Preventing Companies from Implementing New Credit Scoring Models During Disasters
Section 630 states that during any declared major disaster, no company may create, implement, or revise a credit score model if it leads to a “significant” percentage of consumers from being less creditworthy compared to other models. This is an unnecessary provision that serves no useful purpose and will only delay the benefits derived by lenders and consumers of updated and more accurate credit scoring models from coming to market.
Instead of government forcing certain information to be censored, a more efficient approach would have individuals directly work with their lenders about payments as they will likely have procedures in place to work with customers impacted by this unique health emergency. Congress should find other, more transparent ways to aid those whose credit scores have been adversely affected by COVID-19 rather than suppressing data and therefore undermining objective, accurate credit reports and scoring models that help the credit system to function in bad as well as good times.

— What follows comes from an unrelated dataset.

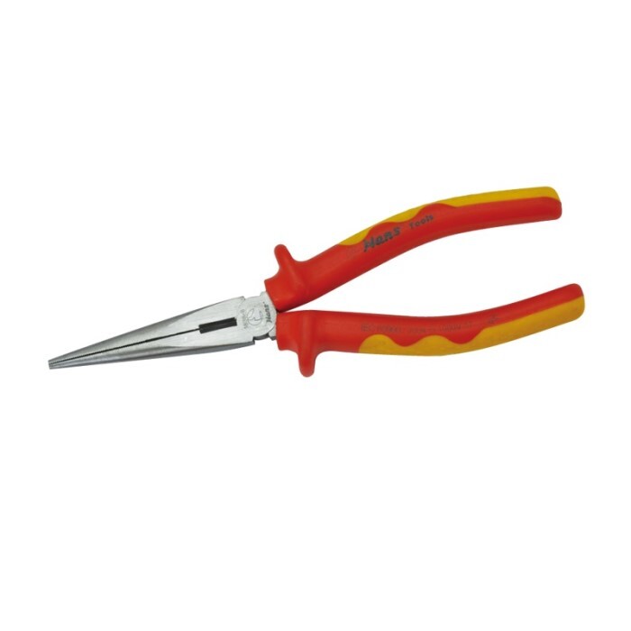 1838-06 плоскогубцы с длинными губками для электрика, 160 мм Диэлектрические плоскогубцы Hans — это высокачественный инструмент применяющий для широкого спектра электромонтажных работ. Особенности: - Применяются для работ под напряжением до 1000В. - Материал рукояток: двухслойный диэлектрический пластизоль. Внутренняя изоляция - желтого цвета, внешний слой изоляции - красного цвета. - Режущие кромки дополнительно закалены токами высокой частоты. HRC 62 - Материал рабочей части: инструментальная хром-ванадиевая сталь - Резка твердой стальной проволоки диаметром до 1.5 мм - Инструмент имеет обработку поверхности: матовое никелирование Пассатижи Hans соответствуют жестким требованиям стандартов ГОСТ и МЭК.

As Congress and the administration continue to respond to the imminent public health threat they must balance the conflicting needs of emergency responsiveness, fiscal responsibility, and economic vitality. However, Congress shouldn’t pass legislation that will erode instead of enhance the predictability of credit reporting. Though these provisions may be well-intentioned, they will make credit reports less accurate and credit scoring less predictive. The result will unfortunately weaken the underwriting process, increase borrower’s costs, endanger taxpayers, and reduce people’s ability to access credit.